Nasib Kreditur Abu Tours Terkatung-katung di PN Makassar

Editor: Mulyadi Abdillah
Nasib Kreditur Abu Tours Terkatung-katung di PN Makassar
Ratusan jemaah Abu Tours mulai memadati kantor PN Makassar, Kamis (17/5/2018).

RAKYATKU.COM, MAKASSAR - Ratusan jemaah Abu Tours mulai memadati kantor PN Makassar, Kamis (17/5/2018). Kedatangan mereka untuk mengikuti pertemuan dengan pihak Abu Tours sesuai tahapan Penundaan Kewajiban Pembayaran Utang (PKPU) yang sebelumnya diputuskan oleh majelis hakim pengadilan perdata Makassar. 

Berdasarkan pantauan Rakyatku.com, rapat PKPU ini dilaksanakan di ruang sidang utama. Seperti minggu lalu, jemaah dari luar Sulawesi juga ikut hadir. Rapat yang seharusnya digelar pada pukul 10.00 wita pagi tadi lagi-lagi mengalami molor karena hingga hari ini rapat belum dimulai. Hal ini kemudian disesalkan jemaah yang sejak pagi sudah memenuhi pengadilan. 

Seperti yang dirasakan oleh kedua jemaah yang juga merangkap sebagai agen, Yunita (29) dan Nurjannah (48) yang sejak pukul 09.00 Wita telah datang ke kantor PN Makassar.
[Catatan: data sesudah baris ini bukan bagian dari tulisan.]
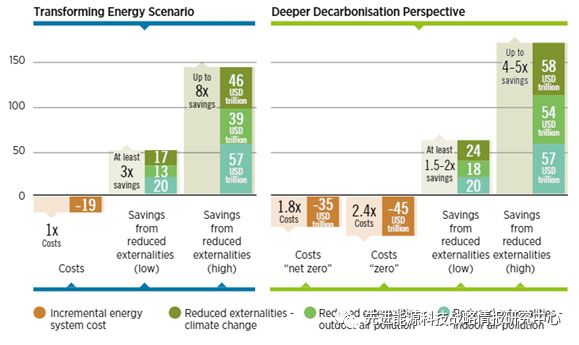 2、加快可再生能源部署和提高能效回報將遠大于投入。按照“轉(zhuǎn)型能源情景”,能源轉(zhuǎn)型每花費1美元,將獲得3-8美元的投資回報(圖5)。換言之,到2050年“轉(zhuǎn)型能源情景”將增加19萬億美元的成本,但通過降低環(huán)境和健康損害,將獲得50-142萬億美元的回報。要實現(xiàn)凈零排放,“更深度脫碳情景”將需再增加16萬億美元投入,如果實現(xiàn)完全無排放則將增加26萬億美元成本,但零碳排放帶來的收益將達到62-169萬億美元。另一種衡量成本的方法是在此期間減少一噸碳排放的成本。對于“轉(zhuǎn)型能源情景”,該成本為34美元/噸,對于“更深度脫碳情景”凈零排放,成本為100美元/噸,對于“更深度脫碳情景”完全零排放,成本為156美元/噸。

Yunita yang berasal dari Palu mengungkapkan dirinya rela jauh-jauh mengikuti rapat ini agar kerugian yang dideritanya bisa menemui titik terang. 

"Saya membayar Rp 17 juta bersama enam keluarga saya. Semoga dengan adanya pertemuan ini kami bisa mendapatkan titik terang, kalau tidak bisa diberangkatkan minimal biayanya bisa dikembalikan," kata Yunita kepada Rakyatku.com sesaat lalu. 

Dari pantauan Rakyatku.com, ketua pengurus PKPU, Tasman Gultom selaku pihak yang memediasi Abu Tours (debitur) dan jemaah (kreditur) sudah hadir di ruang sidang utama. Begitupun dengan kedua pengacara perwakilan jemaah (Ridwan Bakar) dan Abu Tours (Eri Edi Satrio) juga sudah berada di tempat. 

Namun, saat ini agenda pertemuan rapat ini belum jelas. Hal ini dikarenakan Abu Tours belum melakukan verifikasi kreditur lantaran pada minggu lalu dokumen pembandingnya belum bisa ia dapatkan karena disebabkan kantor Abu Tours masih disegel oleh kepolisian.

Seharusnya, jika mengacu pada jadwal yang telah dikeluarkan oleh pihak pengadilan, hari ini pihak Abu Tours sudah memasukkan proposal perdamaian ke pihak pengurus PKPU. Namun pengurus PKPU hingga kini belum menerima proposal perdamaian tersebut.